S’agissant de l’assignation en intervention forcée de la société Cabinet Chretien et de la société Galian Assurances par acte du 1er octobre 2020, postérieure donc à l’entrée en vigueur de la nouvelle rédaction de l’article 18-2 transférant les pouvoirs dévolus par cet article au président du tribunal judiciaire statuant en référé, elle ne saurait avoir régularisé l’action initiale.
En effet, aux termes de l’article 63 du code de procédure civile, l’intervention constitue une demande incidente et conformément à l’article 66 du même code, l’intervention forcée a pour objet de rendre un tiers partie au procès engagé entre les parties originaires, de sorte qu’elle n’entraîne pas la création d’une nouvelle instance et suit le sort de l’instance primitive.
Le premier juge, juge des référés, ne pouvait ainsi suppléer à l’erreur de la société Cofegi Gestion et du syndicat des copropriétaires en statuant comme il l’a fait sur leur demande sur le fondement de l’article 18-2 de la loi du 10 juillet 1965 dans sa version antérieure au 1er juillet 2020 seule applicable au litige, se conférant des pouvoirs dont il ne disposait pas.
Par suite et par voie d’infirmation il convient de déclarer irrecevables les demandes de communication de pièces formées par la société Cofegi Gestion et le syndicat des copropriétaires sans qu’il n’y ait lieu toutefois de prononcer la nullité de l’ordonnance contestée.
Toutefois, il sera relevé que c’est sans être critiqué à hauteur de cour que le premier juge a statué sur les demandes de provisions, en se fondant sur les dispositions de l’article 835 du code de procédure civile, de sorte que la recevabilité des demandes de provision ne fait pas débat.

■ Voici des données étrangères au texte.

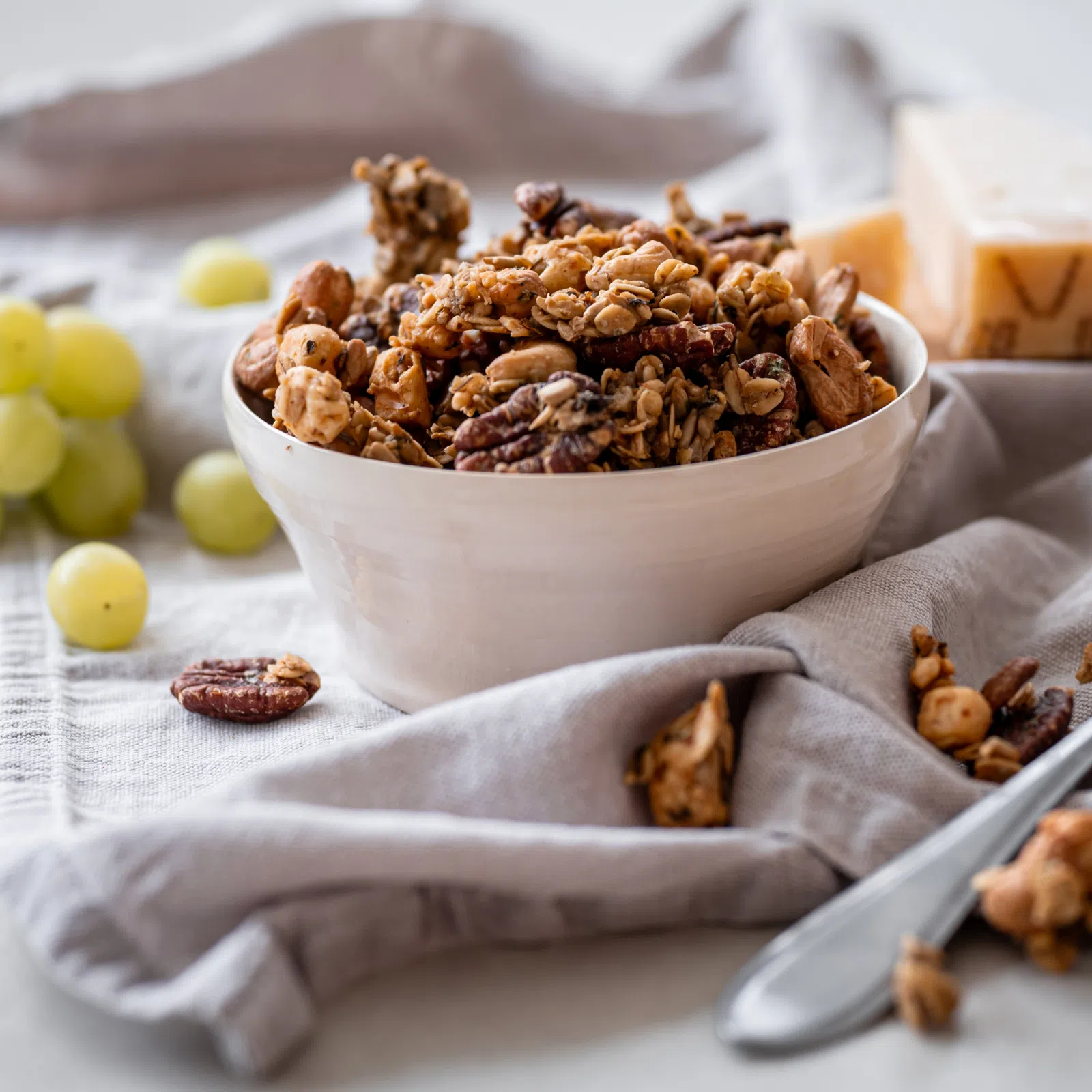Wir haben ihn aus glutenfreien Haferflocken, Cashewkernen, Pekannüssen, Sonnenblumenkernen, getrocknetem Gouda und Cheddar, Olivenöl, einer Prise Himalayasalz und einer Gewürzmischung (u. a. mit Basilikum, Oregano und Bärlauch) zusammengestellt. Dann gebacken – und fertig! Ein rundum knuspriger Käsemix mit Nüssen. Uns schmeckt’s – dir sicher auch. Und das Beste: ohne Zucker und Gluten. Worauf wartest du noch?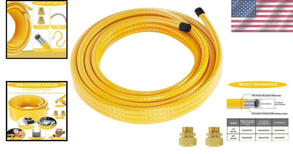 33FT Propane Pipe Conversion Kit with Solid Brass Connectors - Reliable Gas Line ‹ › ‹ › ‹ › ‹ › ‹ › ‹ › ‹ › 33FT Propane Pipe Conversion Kit Transform your outdoor and indoor gas connections with this exquisite 33FT Propane Pipe Conversion Kit, featuring solid brass connectors for a reliable and safe gas line. Features: Manufactured from high-quality 304 stainless steel bellows with corrosion-resistant material. Thickened PVC exterior prevents surface burns and gas leakage. Each gas tube undergoes rigorous three-layer pressure testing for complete reliability. Solid brass connectors on both ends ensure greater durability compared to rubber and plastic fittings. Flexible design allows the tubing to be cut to any length, adaptable to your needs. Inner diameter: 0.47" / 12mm; Outer diameter: 0.63" / 16mm - optimizes airflow for larger equipment. Benefits: Eliminate the risk of gas leaks with a one-piece molded design. Flexible tubing can navigate tight spaces and pass around corners with ease. Installs safely buried, concealed, or exposed, adapting to your unique setup. High-temperature resistance and explosion-proof material ensure your safety. Versatile applications for BBQ, grills, pizza ovens, patio heaters, gas stoves, water heaters, and more. Why Choose Our Propane Pipe Conversion Kit? Opt for our 33FT Propane Pipe Conversion Kit and embrace uncompromising reliability and safety in your gas line installations. Crafted from premium materials and designed for flexibility, this kit meets the individual needs of users for both indoor and outdoor setups. Whether you’re connecting a grill, water heater, or stove, you can trust this exceptional product to perform flawlessly. Invest in safety and convenience with our versatile gas line solution! Shipping Free & Fast Shipping - We offer free shipping to most of the USA with a normal delivery time of 3-7 days. However, due to the current situation, additional delivery time (up to 3 weeks) may be required for some items. Alternative Carriers - We may use alternative carriers (e.g. USPS, FedEx, UPS, etc.) to ensure your package arrives safely and on time. Due to the use of multiple carriers, we are unable to provide a tracking number automatically. Handling Time - Orders are processed and shipped within 1-2 business days of receiving cleared payment. Shipping Restrictions - Shipping to Alaska, Hawaii, Puerto Rico, Guam, and other US territories may incur shipping charges or delivery restrictions. Please contact us before ordering, or your order can be refunded/cancelled. State Restrictions - There may be restrictions based on your state of purchase. For example, certain items may not be shipped to California due to state regulations. Contact for Tracking Updates - If you require tracking updates or have any concerns about the delivery of your order, please feel free to contact us, and we will be happy to assist you. Return 30-Day Hassle-Free Returns - We want you to be completely satisfied with your purchase. If you are not, you can return the item within 30 days of receiving it for a full refund or exchange. Easy Return Process - To start a return, simply contact us and we will provide you with a prepaid return shipping label and detailed instructions. Restocking Fee - There are no restocking fees for returns. However, the buyer is responsible for return shipping costs if the return is not due to a seller's error. Refund Processing Time - Refunds will be processed within 5 business days of receiving the returned item in its original condition. Payment We accept all major credit cards, PayPal, and Apple Pay for your convenience. Your payment information is secure and encrypted to ensure a safe and seamless transaction. Please complete your payment within 3 days of purchase to avoid any delays in shipping. Feedback Your feedback is extremely important to us. We strive to provide the best products and customer service possible. If you are satisfied with your purchase, please take a moment to leave us a positive review. If you have any concerns or issues with your order, please contact us before leaving negative feedback. We are committed to resolving any problems and ensuring your satisfaction. Contact Us If you have any questions or concerns, please feel free to reach out to our customer support team. You can contact us through the eBay messaging system. We are available Monday to Friday, 9:00 am to 5:00 pm EST, and we will do our best to respond to your inquiry within 24 hours. Buy it now and enjoy a pleasant shopping experience! UPC: Not Set Unit Quantity: 33 Material: Stainless Steel,304 Stainless Steel,PVC Compatible Brand: Not Set Compatible Model: Universal Brand: Unbranded Type: Gas Conversion Kit Color: Yellow MPN: Not Set Year Manufactured: Not Set Item Depth: 0.63 in Item Diameter: 0.63 in Model: Not Set Item Height: Not Set Item Width: Not Set Country/Region of Manufacture: Not Set Item Weight: 3.34 lb Manufacturer Warranty: Not Set Unit Type: ft

Sur la qualité à défendre des société Foncia Agence Centrale et Cabinet Chretien :
Les sociétés Foncia Agence Centrale et Cabinet Chretien soulèvent ensuite leur défaut de qualité à défendre sur les demandes des requérants afférentes à la remise des archives et à la comptabilité de la copropriété, outre des prétendus manquements du syndic.
Elles font valoir que la société Foncia Agence Centrale n’a jamais été le syndic de la copropriété, ce que le juge des référés a reconnu, et que si la société Cabinet Chretien n’a pas déféré à la sommation de communiquer la délégation de gestion qui aurait habilité la société Foncia Agence Centrale à signer le procès-verbal de l’assemblée générale du 13 mai 2019, c’est uniquement parce qu’il s’agit d’une erreur de tampon, rappelant que la société Foncia Agence Centrale est porteuse de parts du Cabinet Chretien.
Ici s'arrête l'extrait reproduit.